Insulin uptake and transcytosis do not require cholesterol or caveolin-1. (A) Cells were treated with insulin-FITC or D4 membrane cholesterol probe for 10 min after pretreatment with either 1 μM methyl-β-cyclodextrin (MBCD) or 50 μg/ml nystatin to deplete cells of cholesterol. White scale, 15 μm. (B) Quantification of insulin-FITC uptake in HAMECs after pretreatment with MBCD or nystatin; data are normalized to control cells. (C) Average transcytosis events after pretreatment with MBCD or nystatin. (D) Average transcytosis events of insulin-AF568 after transfection with wild-type or dominant-negative (DN) caveolin-1 construct. (E) Average transcytosis events of insulin-AF568 after caveolin-1 was knocked down by siRNA. (F) Immunoblot of caveolin-1 protein after knockdown via siRNA. (G) Insulin-FITC colocalizes only modestly with caveolin-1 (red). Colocalization was quantified via the Manders coefficient, which is 0.196 ± 0.011. Dashed box indicates area enlarged on the right; white scale, 15 μm.

FIGURE 7:

Insulin uptake and transcytosis are clathrin dependent. (A) Cells were treated with insulin-FITC or transferrin-AF555 for 10 min after pretreatment with 10 μM Pitstop 2 to impair clathrin-mediated uptake.
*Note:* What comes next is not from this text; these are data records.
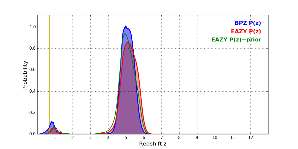 In P(z) plots: Yellow lines mark the cluster redshift z = 0.677,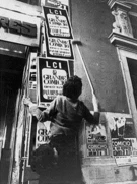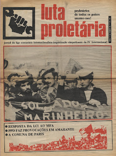 Lacuna grave na minha revisitaçãode Abril deste anoàs grandes organizações da esquerda revolucionária do PREC (e que aqui e agora procuro colmatar) foi a omissão à referência à Liga Comunista Internacionalista. O jornal da Liga intitulava-se Luta Proletária (abaixo) mas a militância da organização seria dominada pela intelectualidade e não pelo proletariado. É por isso simbólico que, na foto supra, aquilo que mais se destaca do instantâneo será a luta do militante (um intelectual), não contra a burguesia, mas contra a cola, a brocha e os cartazes, com resultados que, pelo seu encavalitamento e pela sua inclinação (cada vez mais) acentuada, decerto decepcionariam o camarada Trotsky.
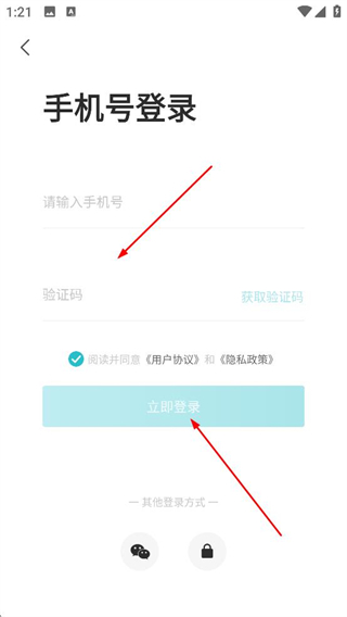 2、在手機號登錄頁面輸入手機號,獲取并輸入驗證碼,閱讀并同意用戶協議和隱私政策后點擊立即登錄。
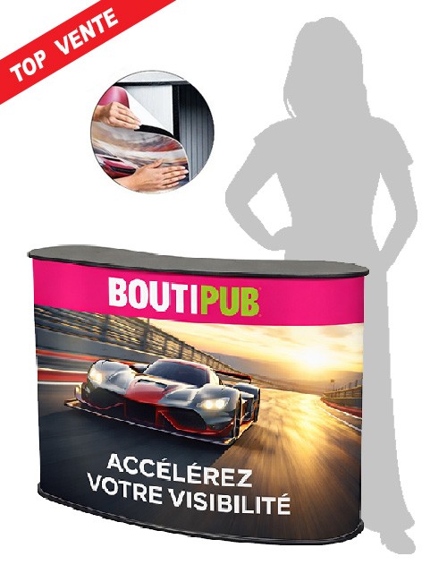 Comptoir publicitaire courbe DOIRAS, pratique et rapide à monter,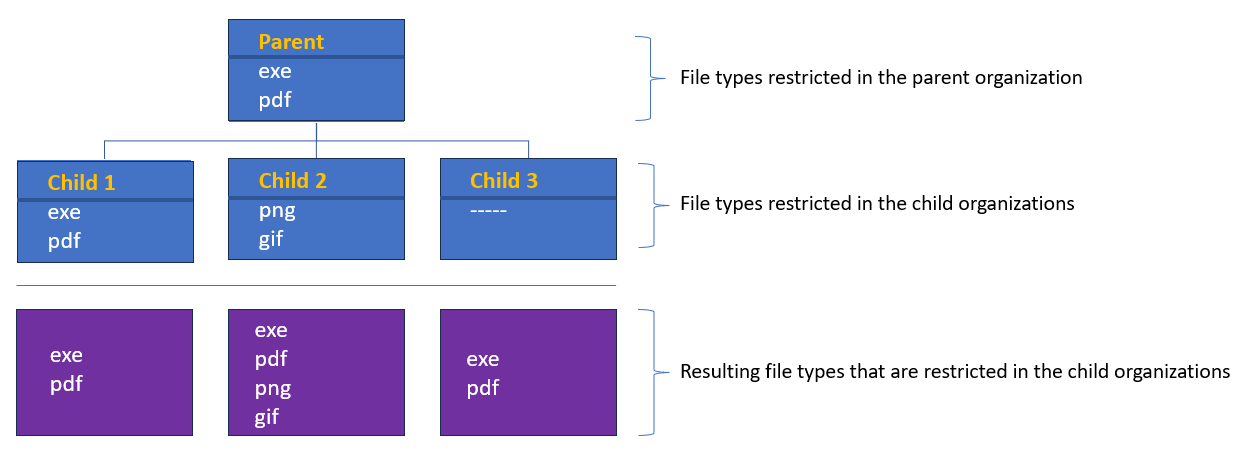 All file types that are restricted [blocked] in a parent organization are restricted [blocked] in all the child organizations.

White scale, 15 μm. (B) Quantification of insulin-FITC uptake in HAMECs after pretreatment with Pitstop 2. (C) Average insulin-AF568 transcytosis events after pretreatment with Pitstop 2. (D) Average insulin-AF568 transcytosis events after clathrin heavy chain was knocked down by siRNA. (E) Immunoblot of clathrin heavy chain protein after knockdown by siRNA. (F) Insulin-FITC (green) colocalizes with clathrin heavy chain (red). Colocalization was quantified via the Manders coefficient, which is 0.491 ± 0.020. Dashed box indicates area enlarged on the right; white scale, 15 μm.

FIGURE 8:

Insulin colocalizes with caveolin-1 in HAECs. (A) Insulin-FITC (green) colocalizes with caveolin-1 (red) in HAECs. Dashed box indicates area enlarged on the right; white scale, 15 μm. (B) Insulin-FITC (green) colocalizes with clathrin heavy chain (red) to a much lesser extent than caveolin-1 in HAECs. Dashed box indicates area enlarged on the right; white scale, 15 μm. (C) Quantification of colocalization of insulin-FITC with caveolin-1 (0.411 ± 0.068) or clathrin heavy chain (0.196 ± 0.013) via the Manders coefficient.